Lung cancer is the leading cause of cancer deaths worldwide, and non-small cell lung cancer (NSCLC) accounts for 85% of all lung cancer cases.1 Surgical treatment can obviously extend the survival time of patients with early-stage lung cancer. However, the early symptoms of lung cancer can hardly be noticed, without distinctive manifestation. Most patients are in locally advanced stage or have distant metastasis to the brain, bone, adrenal gland, liver, etc., at the time of initial diagnosis. If surgery cannot be conducted, the prognosis will be poor. The 5-year survival rate of patients with stages I–IIIA lung cancer after excision is only 30%–40%.2 The overall 5-year survival rate is <15%. Most patients die of recurrence of lung cancer and distant metastasis.3

As molecular targeted cancer therapy has improved, treatment for advanced NSCLC may involve new approaches. Epidermal growth factor receptor (EGFR) is the most studied cancer therapeutic target, and EGFR tyrosine kinase inhibitors (EGFR-TKIs) are an important option for targeting EGFR in treating cancer. Currently, EGFR-TKI is a first-line treatment option for patients with advanced NSCLC with EGFR mutations, but drug resistance limits the use of these compounds. Meanwhile, the detection of tumor and the monitoring of therapeutic process depend on imageological examination and serum tumor marker examination.

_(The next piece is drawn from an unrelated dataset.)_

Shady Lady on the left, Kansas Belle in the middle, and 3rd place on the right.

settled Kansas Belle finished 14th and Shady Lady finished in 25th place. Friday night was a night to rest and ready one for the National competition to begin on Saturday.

However, the tumor size indicated by imaging is not in conformity with the grade malignancy or invasion and metastasis ability.3 Currently, a specific tumor marker with high sensitivity, which can dynamically evaluate the EGFR-TKI effect and timely find the recurrence and metastasis of tumor, is lacking. Therefore, a method that can dynamically evaluate the EGFR-TKI effect, extend the survival time, and avoid excessive or delayed treatment is needed.

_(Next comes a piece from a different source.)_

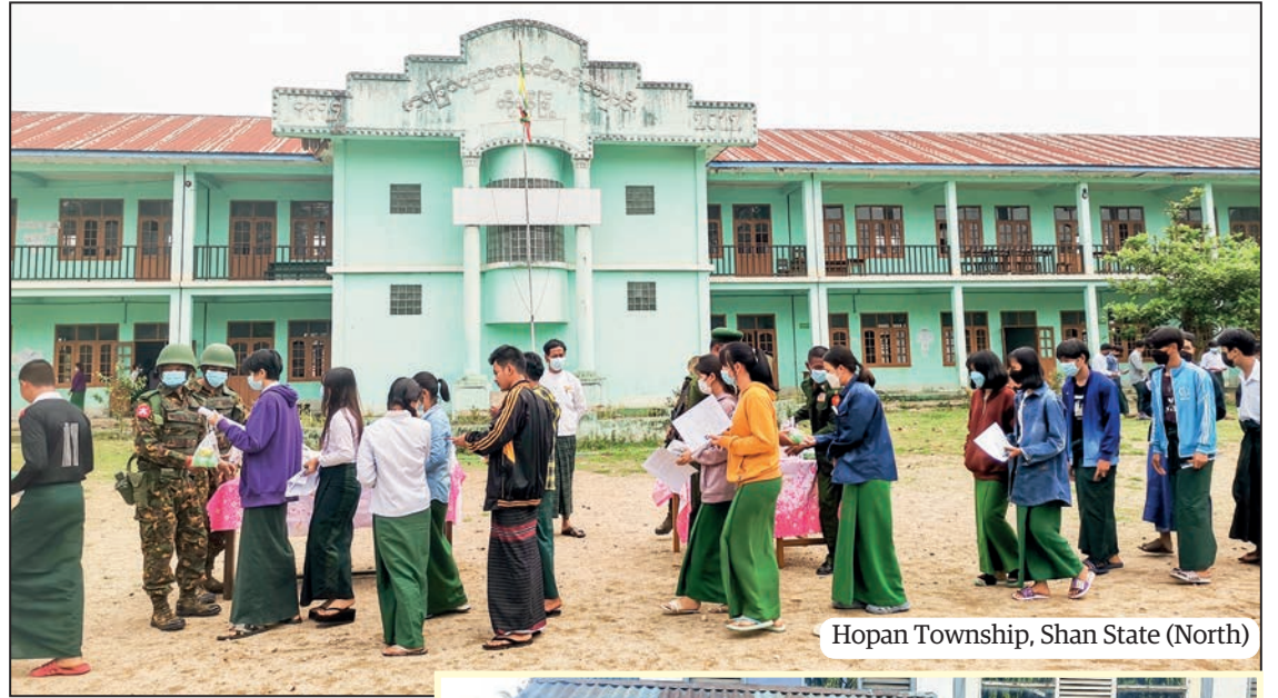
Hopan Township, Shan State (North)

Cancer prognosis is related to tumor metastases that are believed to arise from circulating tumor cells (CTCs) that move into the peripheral blood.4,5 In addition, CTC counts are reported to be closely linked to lung cancer outcomes.6,7 In recent years, a minimally invasive approach was used to assess the efficacy of chemotherapy before and during cancer treatment, and CTC counts were found to be correlated with the efficiency of chemotherapy treatment in advanced NSCLC.8 However, in the field of EGFR-TKI therapy, no final conclusion has yet been reached on whether CTC count is effective in the evaluation and prognosis of EGFR-TKI effect. Therefore, we used CTCs as the research object, which were derived from the peripheral blood of patients with advanced NSCLC receiving EGFR-TKI treatment, and explored CTC count for evaluating the EGFR-TKI effect and prognosis in advanced NSCLC.

Patients and methods

Patient population

This was a prospective phase II study, and 66 patients diagnosed with advanced NSCLC from October 2012 to May 2014 at the Yunnan Cancer Hospital were enrolled. Patients were required to be at least 18 years old and have an Eastern Cooperative Oncology Group Performance Status (PS) score of ≤3, histologically or cytologically confirmed non-squamous stage IIIB NSCLC with pleural effusion or stage IV NSCLC, adequate organ function, and no history of prior systemic treatment of lung cancer. In this study, all of the 66 patients were EGFR 19 exons or L858R exons mutation positive through EGFR gene mutation detected. But the anaplastic lymphoma kinase and KRAS mutations were not detected in the study. Patients with significant vascular disease or any serious cardiac condition were excluded. The study was approved by the Ethics Committee of Yunnan Cancer Hospital, and written informed consent was obtained from all the enrolled patients prior to any interventions. The CTC count was detected, and all the procedures performed in studies involving human participants were in accordance with the ethical standards of the institutional and/or national research committee and with the 1964 Declaration of Helsinki and its later amendments or comparable ethical standards.

Patient treatments

Patients were treated with one of the three EGFR-TKIs: gefitinib (250 mg/day, orally), erlotinib (150 mg/day, orally), or icotinib hydrochloride (125 mg thrice daily, orally). Therapy was continued for at least 1 month. The longest treatment course was 28 months, and the average course was 8 months.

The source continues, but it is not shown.